3D Bioprinting Creates Human Tissues and Ends Animal Testing

Published on June 02, 2026 | Translated from Spanish

A team from Newcastle University has developed a 3D bioprinting method capable of producing functional human tissues for drug testing. This represents an advance over animal models, which fail to predict how the human body will react. The goal is to reduce the failure rate of 75% of drugs in clinical trials and offer safer, more affordable treatments for the public.

3D bioprinter creates vibrant red human tissue, replacing animal testing for safe and affordable drugs.

Printed tissues that mimic the real body 🧬

The technique uses human cells cultured in a biocompatible hydrogel, deposited layer by layer to form three-dimensional structures. These mimic the cell density and vascularization of real organs, allowing the toxicity of a compound to be observed before it reaches a patient. Scientists claim the process is scalable and reproducible, which could be integrated into pharmaceutical labs without major infrastructure changes.

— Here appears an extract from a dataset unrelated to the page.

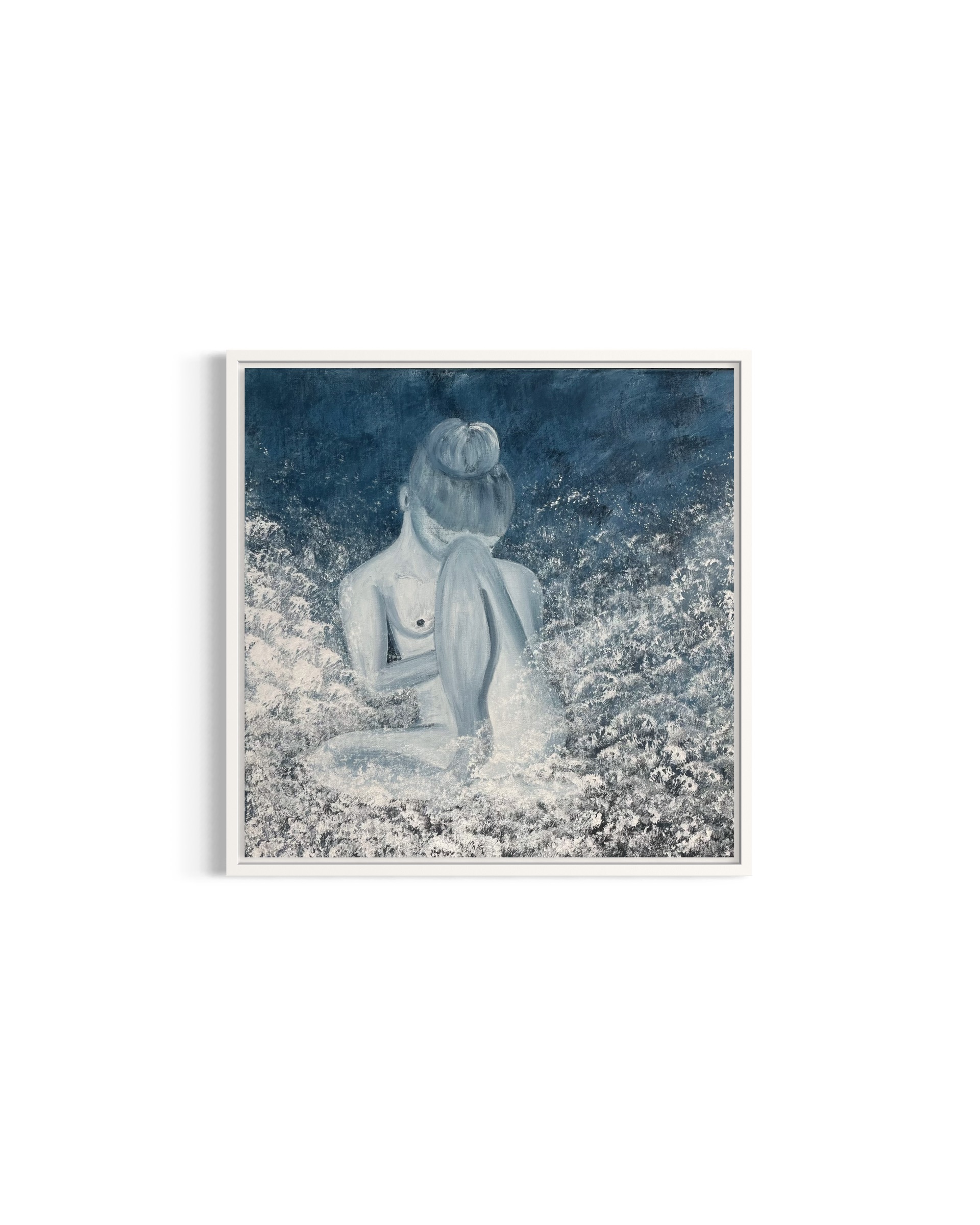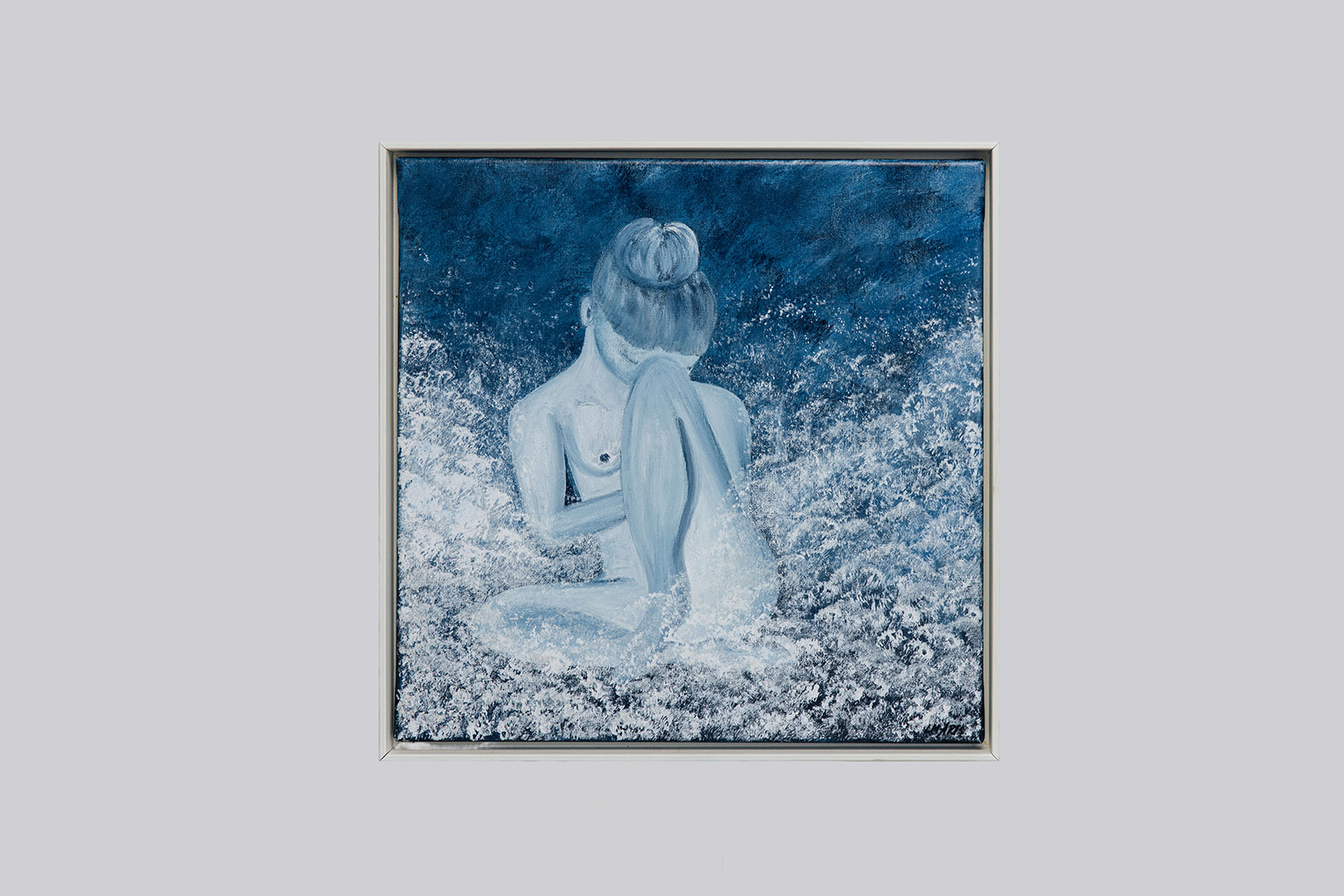 Das Werk wurde mit Acrylfarbe und Strukturpasten auf Leinwand aufgebaut. Die Oberfläche ist bewusst unruhig und reliefartig. Der Bereich um die Figur ist dichter gearbeitet, während die Figur selbst ruhiger und glatter bleibt. Das tiefe Blau trägt die Bildfläche, während Weiß die Struktur aufbricht und Licht in die Oberfläche bringt. Je nach Perspektive verändert sich die Wahrnehmung der Tiefe.

Goodbye, mice; hello, artificial meat printers 🐭

Laboratory mice can breathe a sigh of relief: their future as guinea pigs hangs by a thread of biological plastic. The bioprinter doesn't need cages, doesn't complain when you poke it, and never eats the experiment's cookies. That said, it still can't print a liver that can handle a New Year's Eve dinner, but for testing drugs, it will serve without complaint.